Reduced ethane supply in Saudi Arabia causing petrochem feedstock problems

Most efforts by Saudi Arabia to diversify the economy were focused on leveraging cheap gas. However, now this strategy is beginning to fall through. The rapid growth of the economy and population in recent years has led the government to divert greater quantities of ethane to power plants to use as fuel for generating electricity, leading to a reduction in the availability of the gas for petrochemical manufacturers. Ethane avails are tight in Saudi Arabia because of OPEC quotas, and also because as associated gas (a by-product of oil production) supply matures in the Kingdom, it is becoming drier (less ethane content). OPEC has reduced Saudi Arabia's oil-production quota, resulting in the country's output being pegged at around 8.4 mln bpd. However, it needs to be producing 10 mln bpd to provide enough ethane for crackers to run at 100%. The kingdom has ruled out import of gas.
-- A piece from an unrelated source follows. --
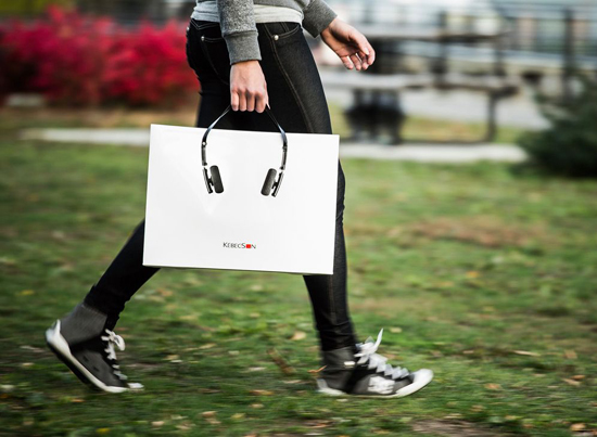Компании из музыкальной отрасли любят создавать необычные упаковки для своих продуктов, и KébecSon не исключение. На пакете изображены сами наушники, а ручки символизируют дужку. Превосходная идея.

The percentage of natural gas in oil fields in Saudi Arabia has been declining steadily. Though efforts are underway to boost natural gas production, a near-term ethane shortage is estimated in the kingdom. Higher development costs point to overestimation of the amount of cheap gas in the kingdom. 50% of all Saudi off-shore platforms are now devoted to gas exploration compared with 20-40% in the past. This can be attributed mainly to the rise in demand for gas from non-petrochemical applications - most significantly electricity. Although the region has 40% of the world's known gas reserves, only Qatar has managed to become a net exporter through judicious use.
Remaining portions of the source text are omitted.